Tag: SQL

Book review: Essential SQLAlchemy by Jason Myers and Rick Copeland

sqlalchemyEssential SQLAlchemy by Jason Myers and Rick Copeland is a short book about the Python library SQLAlchemy which provides a programming interface to databases using the SQL query language. As with any software library there is ample online material on SQLAlchemy but I’m old-fashioned and like to buy a book.
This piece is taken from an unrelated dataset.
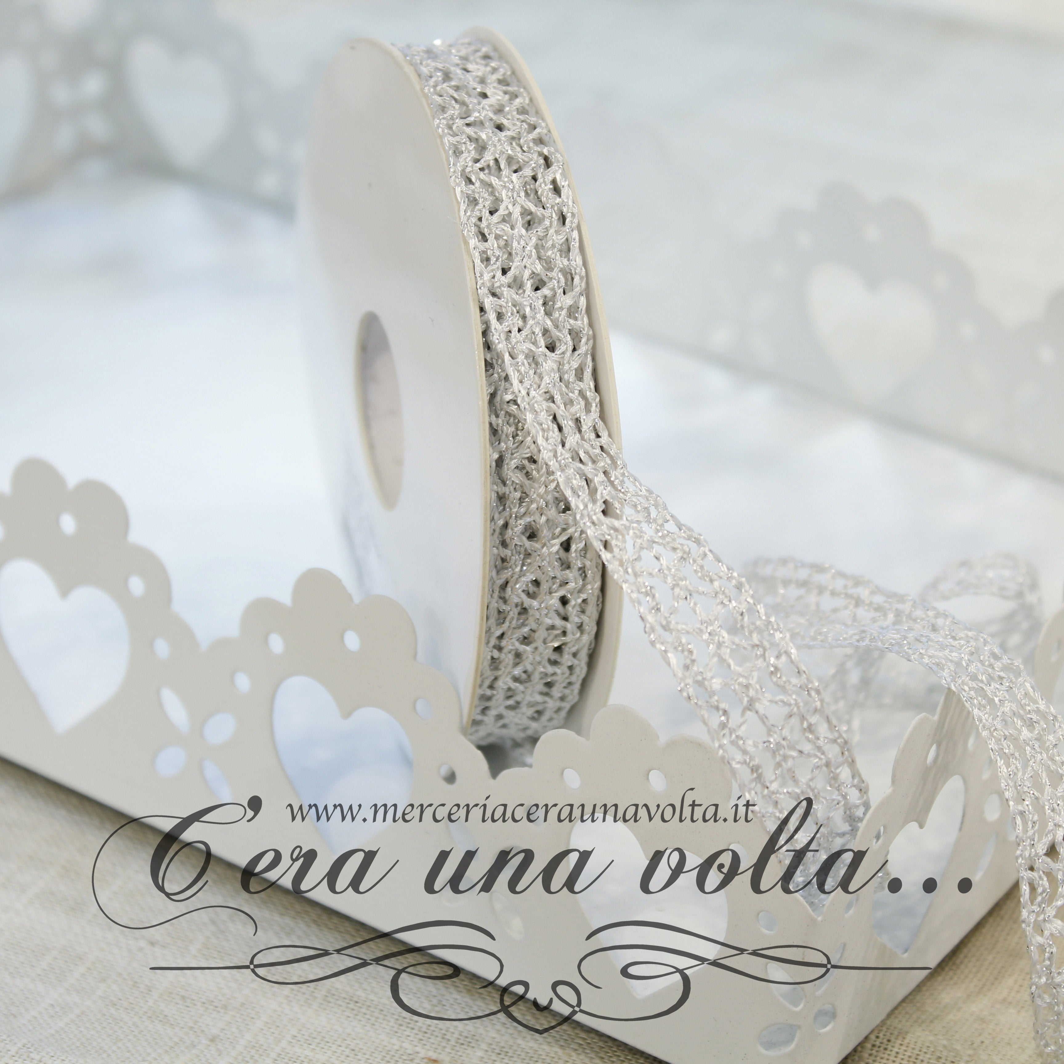 Una trama preziosa lavorata con un raffinato filato lurex, un pizzo incorniciato da entrambi i lati, evoca con elegante semplicità un'atmosfera festosa autentica.

SQL was one of those (many) things I was never taught as a scientific programmer, so I went off and read a book and blogged about it (rather more extensively than usual). It’s been a useful skill as I’ve moved away from the physical sciences to more data-oriented software development. As it stands I have a good theoretical knowledge of SQL and databases, and can write fairly sophisticated single table queries but my methodology for multi-table operations is stochastic.

I’m looking at using SQLAlchemy because it’s something I feel I should use, and people with far more experience than me recommend using it, or a similar system. Django, the web application framework, has its own ORM.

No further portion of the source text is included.